--- START ---
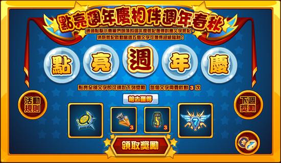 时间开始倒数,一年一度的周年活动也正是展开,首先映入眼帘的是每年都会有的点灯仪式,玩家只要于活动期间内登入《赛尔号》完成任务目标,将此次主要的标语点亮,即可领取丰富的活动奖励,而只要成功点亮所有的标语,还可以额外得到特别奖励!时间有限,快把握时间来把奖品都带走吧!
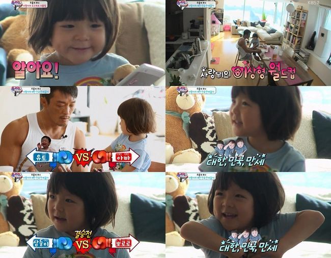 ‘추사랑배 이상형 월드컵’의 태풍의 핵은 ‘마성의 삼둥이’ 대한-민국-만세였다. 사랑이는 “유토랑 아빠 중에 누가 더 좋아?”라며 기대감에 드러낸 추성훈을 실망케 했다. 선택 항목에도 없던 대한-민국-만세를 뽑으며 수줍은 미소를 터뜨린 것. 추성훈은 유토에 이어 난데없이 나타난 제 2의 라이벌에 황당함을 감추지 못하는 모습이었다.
--- END ---
--- START ---
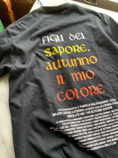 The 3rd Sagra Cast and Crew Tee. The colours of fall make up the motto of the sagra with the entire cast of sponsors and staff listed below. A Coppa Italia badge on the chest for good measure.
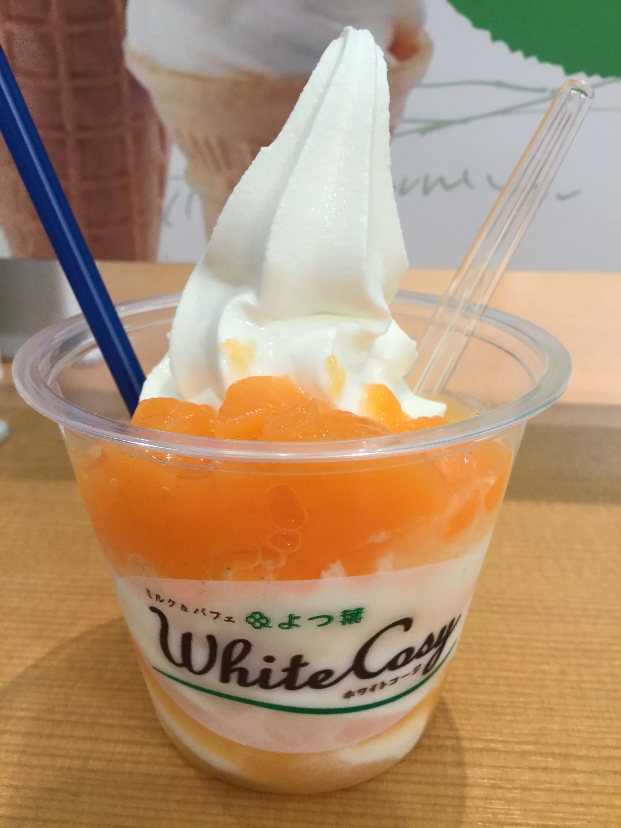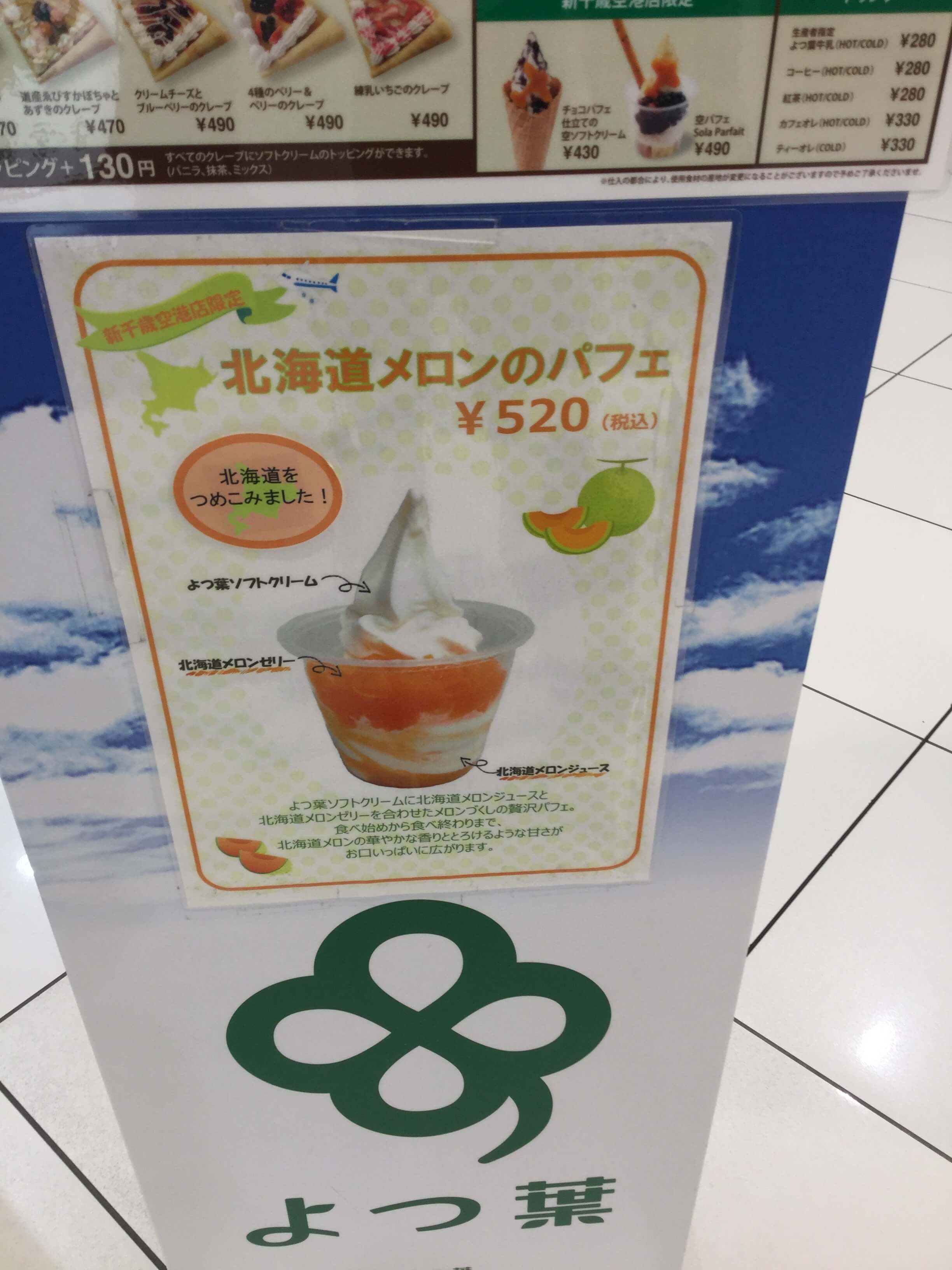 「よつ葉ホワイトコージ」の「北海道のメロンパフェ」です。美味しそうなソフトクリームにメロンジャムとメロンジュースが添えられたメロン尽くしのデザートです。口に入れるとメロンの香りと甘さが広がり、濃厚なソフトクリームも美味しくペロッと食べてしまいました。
--- END ---
Everything above from the line containing "时间开始倒数,一年一度的周年" through the line containing "감추지 못하는 모습이었다." must be repeated exactly, and the pictures must be left out.

▶ _COMPLETED TASK_
 时间开始倒数,一年一度的周年活动也正是展开,首先映入眼帘的是每年都会有的点灯仪式,玩家只要于活动期间内登入《赛尔号》完成任务目标,将此次主要的标语点亮,即可领取丰富的活动奖励,而只要成功点亮所有的标语,还可以额外得到特别奖励!时间有限,快把握时间来把奖品都带走吧!
 ‘추사랑배 이상형 월드컵’의 태풍의 핵은 ‘마성의 삼둥이’ 대한-민국-만세였다. 사랑이는 “유토랑 아빠 중에 누가 더 좋아?”라며 기대감에 드러낸 추성훈을 실망케 했다. 선택 항목에도 없던 대한-민국-만세를 뽑으며 수줍은 미소를 터뜨린 것. 추성훈은 유토에 이어 난데없이 나타난 제 2의 라이벌에 황당함을 감추지 못하는 모습이었다.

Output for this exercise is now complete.